◆ **PROVIDED RECORDS**
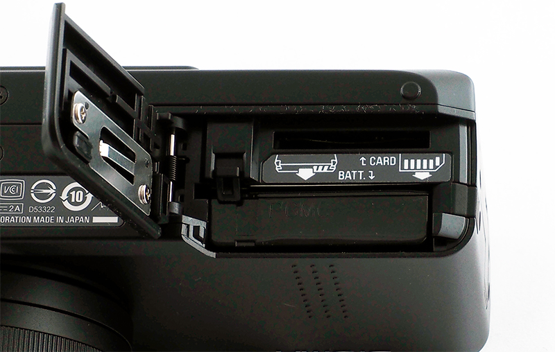 Аккумулятор и карта памяти располагаются в нижнем отсеке с крышкой на защелке. Крышка и крепление, кстати, очень хрупкие, у меня крышка отвалилась буквально через месяц использования.
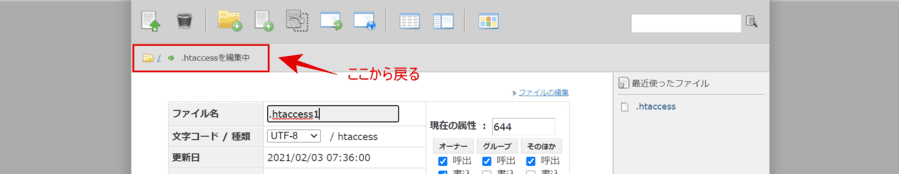 .htaccessにアクセスし、ファイル名を.htaccess1に変更します。
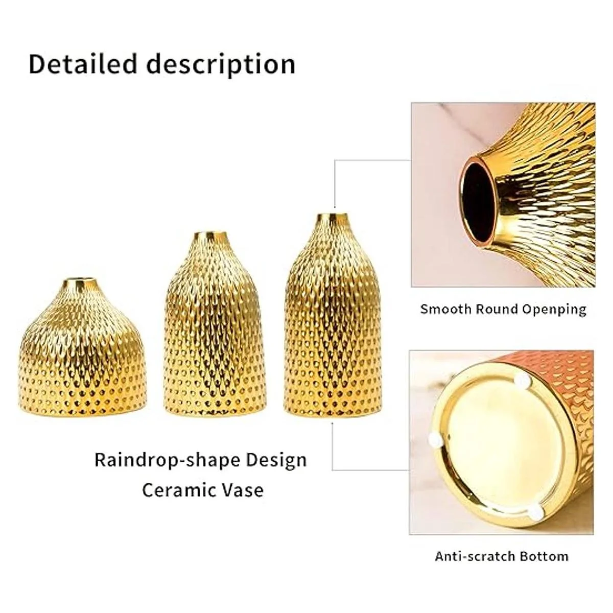 Diseño brillante: el diseño único de forma de gota de lluvia y el juego de jarrón de cerámica dorado crean una lujosa decoración interior.
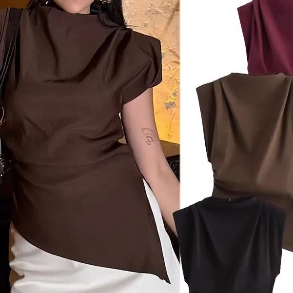color solid top純色褶皺圓領(lǐng)上衣女 round neck pleated Women由
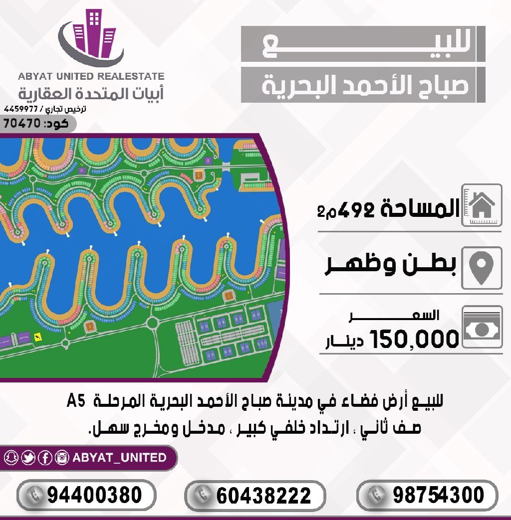 للبيع: أرض فضاء في مدينة صباح الأحمد البحرية، المرحلة A5. الموقع: بطن وظهر. المساحة: 492 متر مربع، صف ثاني. ارتداد خلفي كبير. مدخل ومخرج سهل. للاستفسار، أرقام النقال: 1، 2، 3. السعر: 150,000 دينار. الكود: 70470.

◆ **PROBLEM DETAILS**
From the data above, write out everything exactly except the pictures.

◆ **ANSWER BOX**
 Аккумулятор и карта памяти располагаются в нижнем отсеке с крышкой на защелке. Крышка и крепление, кстати, очень хрупкие, у меня крышка отвалилась буквально через месяц использования.
 .htaccessにアクセスし、ファイル名を.htaccess1に変更します。
 Diseño brillante: el diseño único de forma de gota de lluvia y el juego de jarrón de cerámica dorado crean una lujosa decoración interior.
color solid top純色褶皺圓領(lǐng)上衣女 round neck pleated Women由
 للبيع: أرض فضاء في مدينة صباح الأحمد البحرية، المرحلة A5. الموقع: بطن وظهر. المساحة: 492 متر مربع، صف ثاني. ارتداد خلفي كبير. مدخل ومخرج سهل. للاستفسار، أرقام النقال: 1، 2، 3. السعر: 150,000 دينار. الكود: 70470.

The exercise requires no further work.